• _EXERCISE DESCRIPTION_
From the records below, output exactly the lines starting at the line with "Allí secuestraron más" and ending at the line with "17日21:37,郑州市聚源", both of them included, but no pictures.

• _THE RECORDS_
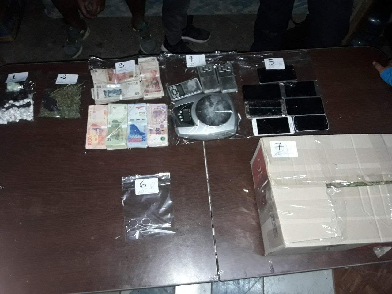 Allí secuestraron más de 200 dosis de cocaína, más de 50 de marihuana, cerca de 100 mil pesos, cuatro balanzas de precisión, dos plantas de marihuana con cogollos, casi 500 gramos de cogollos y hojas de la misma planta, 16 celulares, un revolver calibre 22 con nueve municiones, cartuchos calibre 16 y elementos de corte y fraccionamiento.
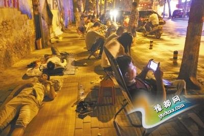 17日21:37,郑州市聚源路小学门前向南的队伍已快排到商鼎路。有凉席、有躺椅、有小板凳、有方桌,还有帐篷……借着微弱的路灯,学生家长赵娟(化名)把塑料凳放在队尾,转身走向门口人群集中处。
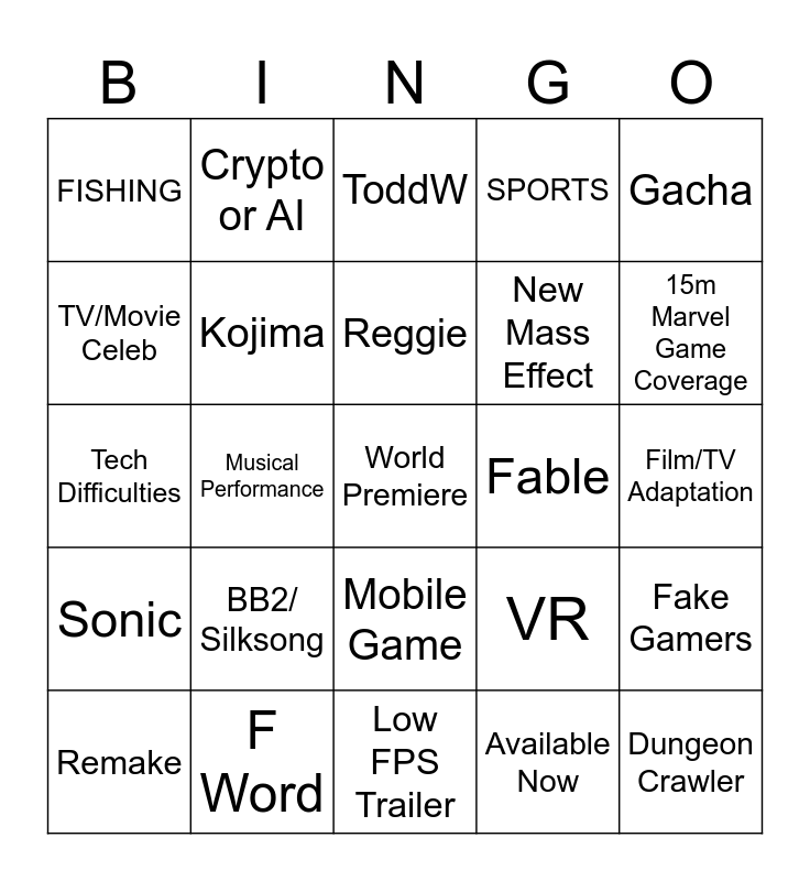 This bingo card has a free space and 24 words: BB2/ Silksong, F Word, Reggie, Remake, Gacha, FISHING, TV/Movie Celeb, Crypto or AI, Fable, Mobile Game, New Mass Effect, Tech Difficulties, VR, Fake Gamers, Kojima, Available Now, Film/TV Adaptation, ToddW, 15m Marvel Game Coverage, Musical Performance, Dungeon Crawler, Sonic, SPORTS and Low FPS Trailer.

---

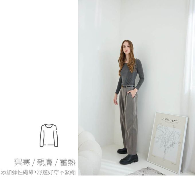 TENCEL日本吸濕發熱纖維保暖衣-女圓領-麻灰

• _PROBLEM SOLUTION_
 Allí secuestraron más de 200 dosis de cocaína, más de 50 de marihuana, cerca de 100 mil pesos, cuatro balanzas de precisión, dos plantas de marihuana con cogollos, casi 500 gramos de cogollos y hojas de la misma planta, 16 celulares, un revolver calibre 22 con nueve municiones, cartuchos calibre 16 y elementos de corte y fraccionamiento.
 17日21:37,郑州市聚源路小学门前向南的队伍已快排到商鼎路。有凉席、有躺椅、有小板凳、有方桌,还有帐篷……借着微弱的路灯,学生家长赵娟(化名)把塑料凳放在队尾,转身走向门口人群集中处。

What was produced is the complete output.